- Items listed in a dataset
== Segment start ==
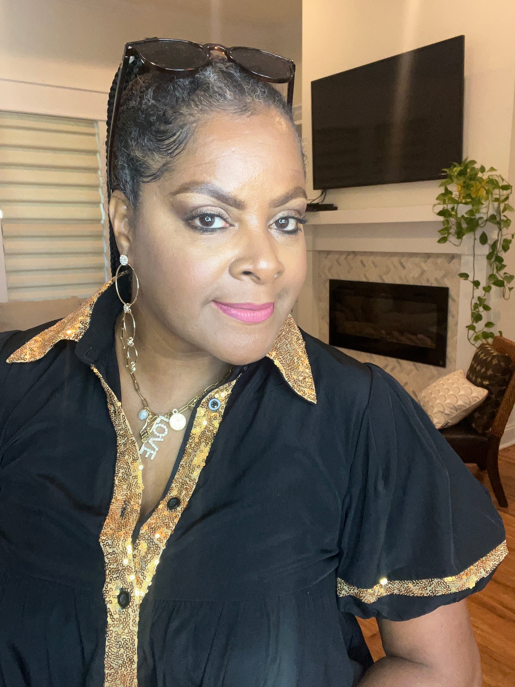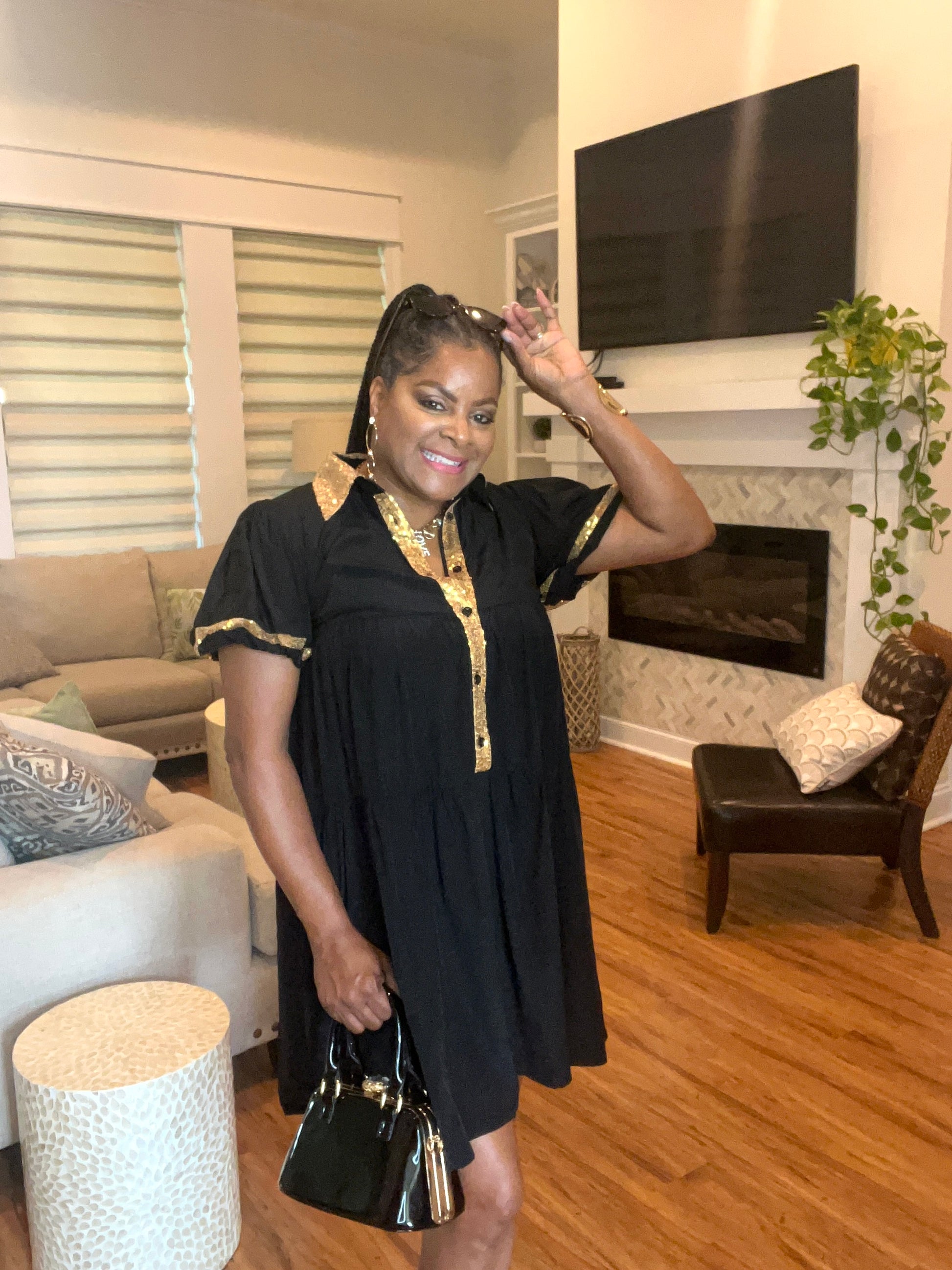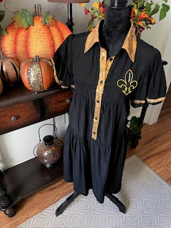 Black Sequin Trim Bubble Sleeve Game Day Shirt Dress
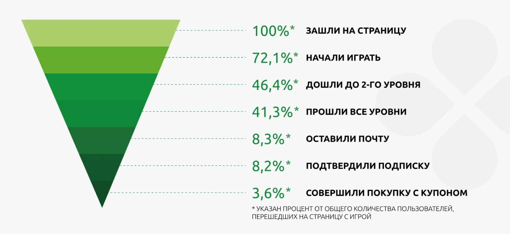 Игра длилась около месяца, за это время страницу с игрой посетило около 50 тысяч человек. 8% от всех пользователей, которые зашли на лендинг, оставили контакты — это больше 3800 участников. Из этих 3800 человек более 1650 человек использовали баллы для покупок в офлайн-магазинах.
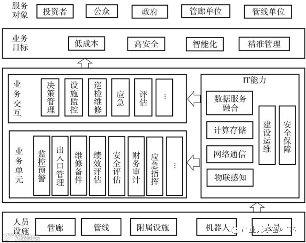 智慧城市综合管廊的业务框架是建立在信息技术(IT)能力基础之上的,包括业务目标、业务单元、业务交互和IT能力四个部分。
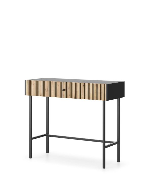 Toaletný stolík Diva je elegantnou kombináciou čierneho matného korpusu s čelom s lamelami v dekore prírodného dreva.
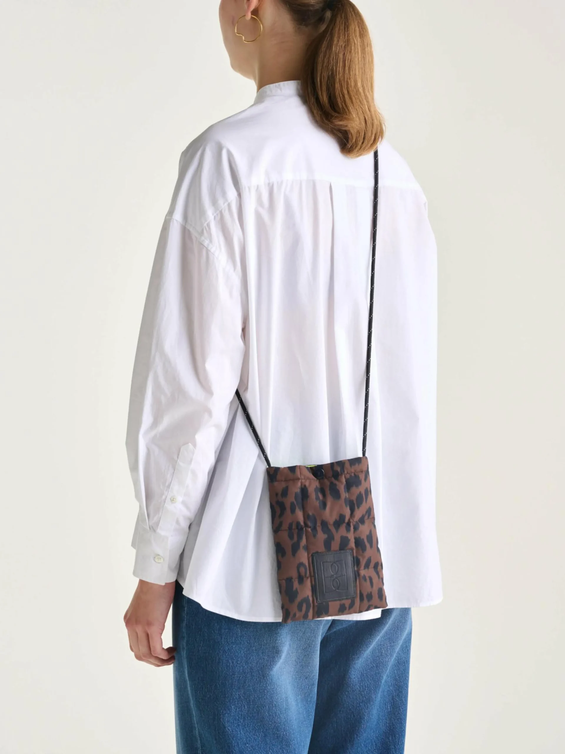 Gewatteerde telefoontas met luipaardprint.
== Segment end ==
- WHAT THE TASK ASKS
Print all the entries exactly as they appear, without the pictures.

- ANSWER FOR THIS EXERCISE
 Black Sequin Trim Bubble Sleeve Game Day Shirt Dress
 Игра длилась около месяца, за это время страницу с игрой посетило около 50 тысяч человек. 8% от всех пользователей, которые зашли на лендинг, оставили контакты — это больше 3800 участников. Из этих 3800 человек более 1650 человек использовали баллы для покупок в офлайн-магазинах.
 智慧城市综合管廊的业务框架是建立在信息技术(IT)能力基础之上的,包括业务目标、业务单元、业务交互和IT能力四个部分。
 Toaletný stolík Diva je elegantnou kombináciou čierneho matného korpusu s čelom s lamelami v dekore prírodného dreva.
 Gewatteerde telefoontas met luipaardprint.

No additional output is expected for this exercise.